Marceline Desbordes-Valmore,

 

née à Douai le 20 juin 1786 et morte à Paris le 23 juillet 1859,

 

est une poétesse française.



Malheur à moi
Les pleurs

                  Ah ! ce n’est pas aimer que prendre sur soi-même
                  De pouvoir vivre ainsi loin de l’objet qu’on aime.
                                              ANDRÉ CHÉNIER.
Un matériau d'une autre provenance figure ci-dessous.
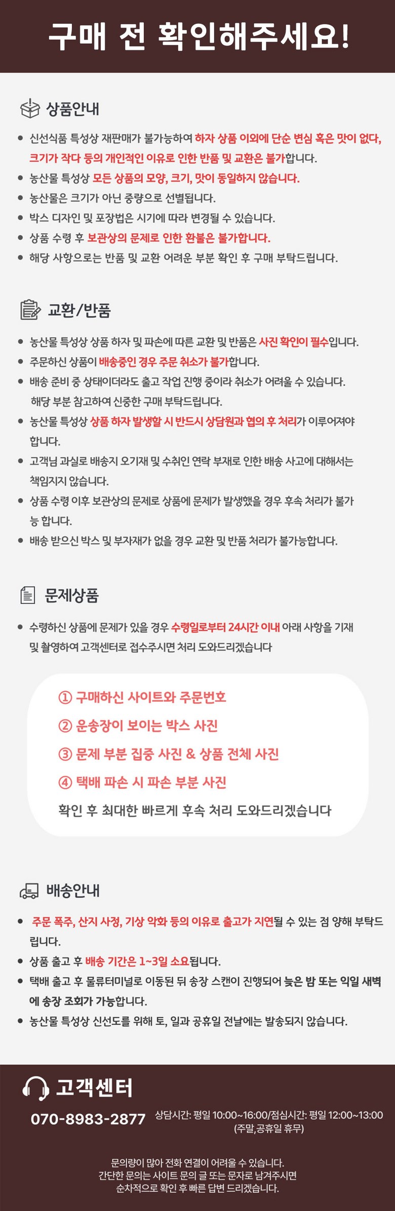 - ㆍ모니터 해상도의 차이로 인해 색상이나 이미지가 실제와 달라, 고객이 단순 변심으로 교환/반품을 무료로 요청하는 경우

Malheur à moi ! je ne sais plus lui plaire ;
Je ne suis plus le charme de ses yeux ;
Ma voix n’a plus l’accent qui vient des cieux,
Pour attendrir sa jalouse colère ;
Il ne vient plus, saisi d’un vague effroi,
Me demander des serments ou des larmes.
Il veille en paix, il s’endort sans alarmes :
                Malheur à moi !

Las de bonheur, sans trembler pour ma vie,
Insoucieux, il parle de sa mort !
De ma tristesse il n’a plus le remord,
Et je n’ai pas tous les biens qu’il envie !
Hier, sur mon sein, sans accuser ma foi,
Sans les frayeurs que j’ai tant pardonnées,
Il vit des fleurs qu’il n’avait pas données :
                Malheur à moi !

Distrait d’aimer, sans écouter mon père,
Il l’entendit me parler d’avenir ;
Je n’en ai plus, s’il n’y veut pas venir.
Par lui je crois, sans lui je désespère ;
Sans lui, mon Dieu ! comment vivrai-je en toi ?
Je n’ai qu’une âme, et c’est par lui qu’elle aime ;
Et lui, mon Dieu, si ce n’est pas toi-même,
                Malheur à moi !

Illustration mcp
Malheur à moi (I)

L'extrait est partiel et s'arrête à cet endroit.